*** Opening of MATERIAL FOR THE TASK ***

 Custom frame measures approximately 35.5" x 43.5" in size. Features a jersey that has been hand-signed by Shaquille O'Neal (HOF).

*** Close of MATERIAL FOR THE TASK ***
*** Opening of MATERIAL FOR THE TASK ***

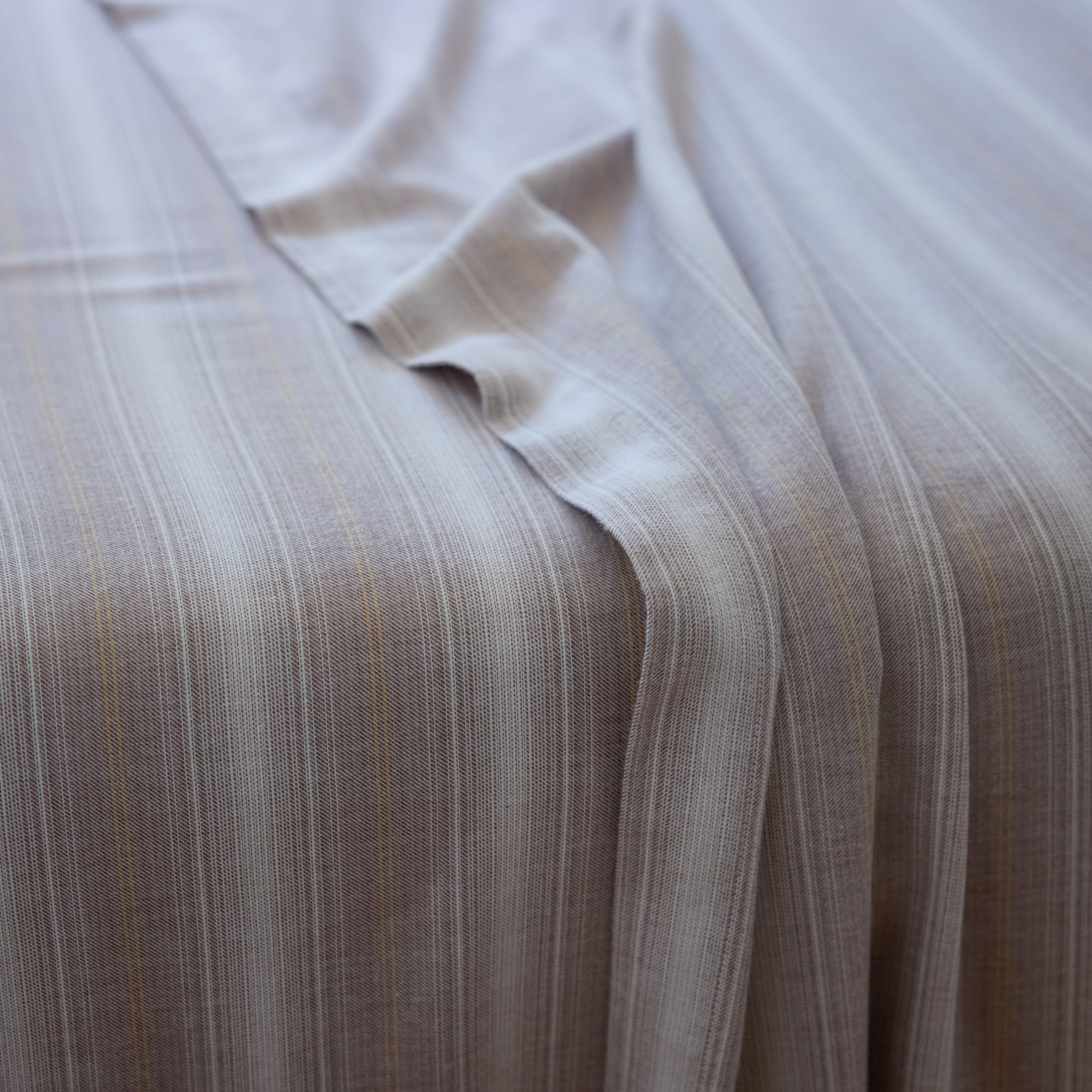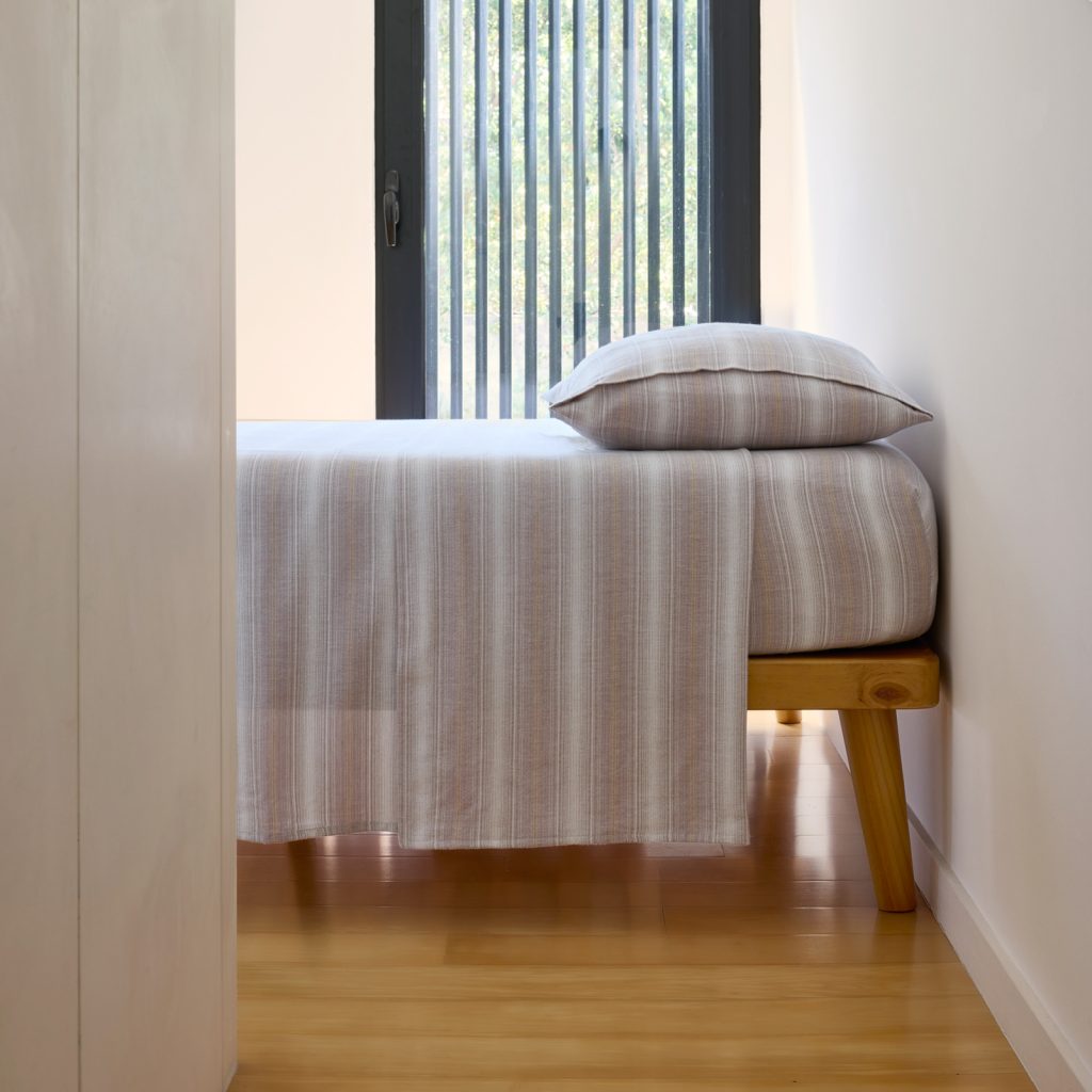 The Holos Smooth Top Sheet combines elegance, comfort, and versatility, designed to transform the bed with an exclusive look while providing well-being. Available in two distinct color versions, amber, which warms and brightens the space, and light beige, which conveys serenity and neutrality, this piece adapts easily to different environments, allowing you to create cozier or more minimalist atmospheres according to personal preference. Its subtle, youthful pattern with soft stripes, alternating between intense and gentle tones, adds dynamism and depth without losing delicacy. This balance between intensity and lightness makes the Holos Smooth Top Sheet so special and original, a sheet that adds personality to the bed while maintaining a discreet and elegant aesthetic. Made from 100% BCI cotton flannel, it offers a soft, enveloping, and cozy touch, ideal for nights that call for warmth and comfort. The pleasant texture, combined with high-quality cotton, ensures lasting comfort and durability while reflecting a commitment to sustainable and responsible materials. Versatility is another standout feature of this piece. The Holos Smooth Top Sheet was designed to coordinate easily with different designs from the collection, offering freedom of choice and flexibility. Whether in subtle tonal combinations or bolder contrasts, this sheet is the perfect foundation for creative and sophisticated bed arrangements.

*** Close of MATERIAL FOR THE TASK ***
*** Opening of MATERIAL FOR THE TASK ***

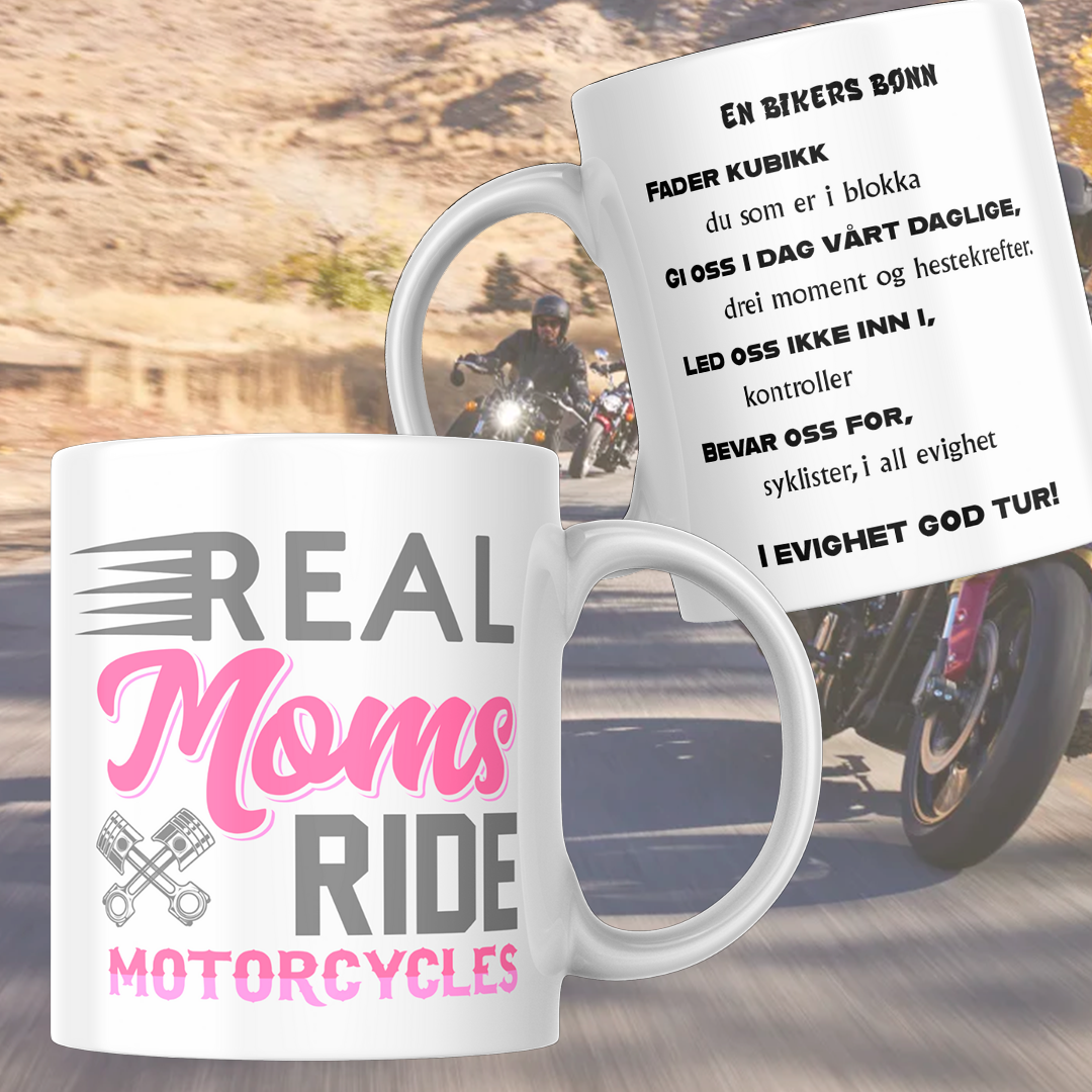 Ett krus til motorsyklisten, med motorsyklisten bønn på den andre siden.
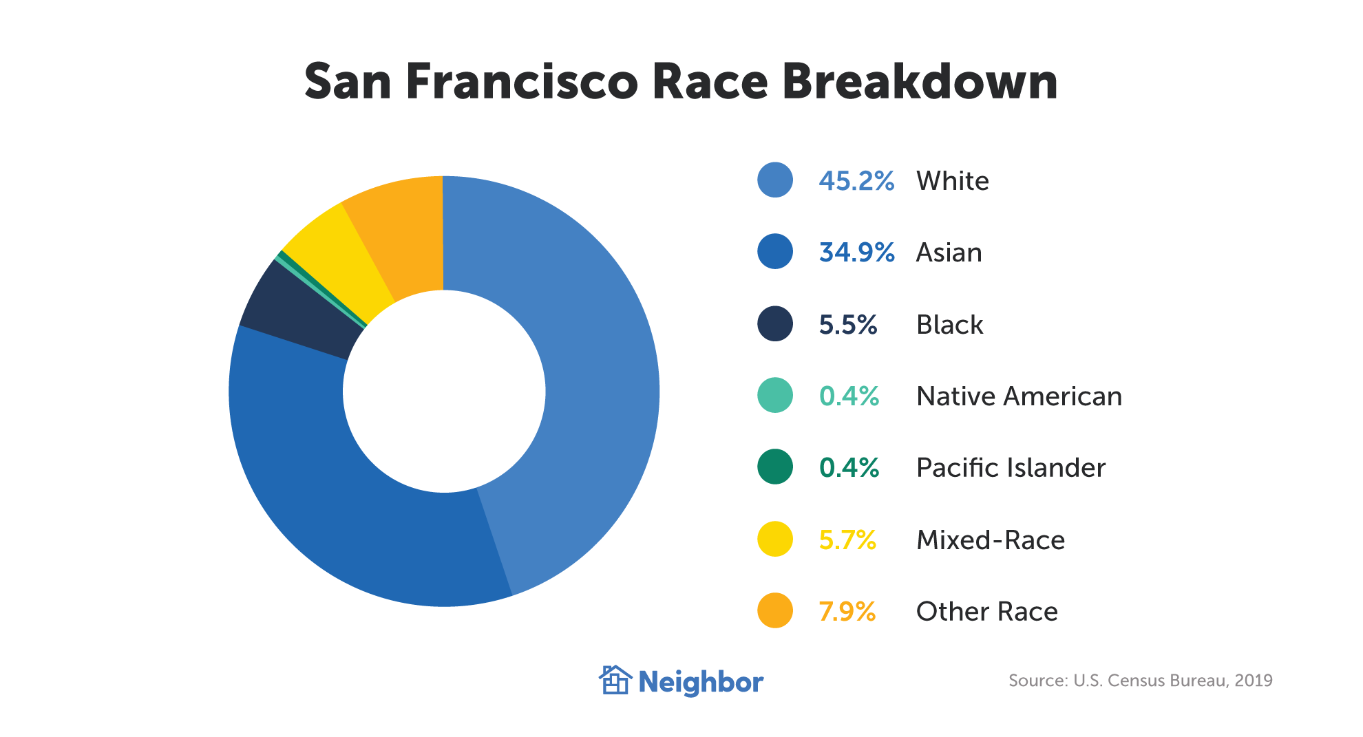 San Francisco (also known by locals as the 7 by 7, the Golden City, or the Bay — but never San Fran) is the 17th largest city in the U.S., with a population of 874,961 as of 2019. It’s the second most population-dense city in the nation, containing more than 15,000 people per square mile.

*** Close of MATERIAL FOR THE TASK ***

▶ _PROBLEM TO WORK ON_:
Copy nothing but the lines above from the one with "Ett krus til" to the one with "San Francisco (also", inclusive, word for word. Leave every picture out.

▶ _SOLUTION TO THE PROBLEM_:
 Ett krus til motorsyklisten, med motorsyklisten bønn på den andre siden.
 San Francisco (also known by locals as the 7 by 7, the Golden City, or the Bay — but never San Fran) is the 17th largest city in the U.S., with a population of 874,961 as of 2019. It’s the second most population-dense city in the nation, containing more than 15,000 people per square mile.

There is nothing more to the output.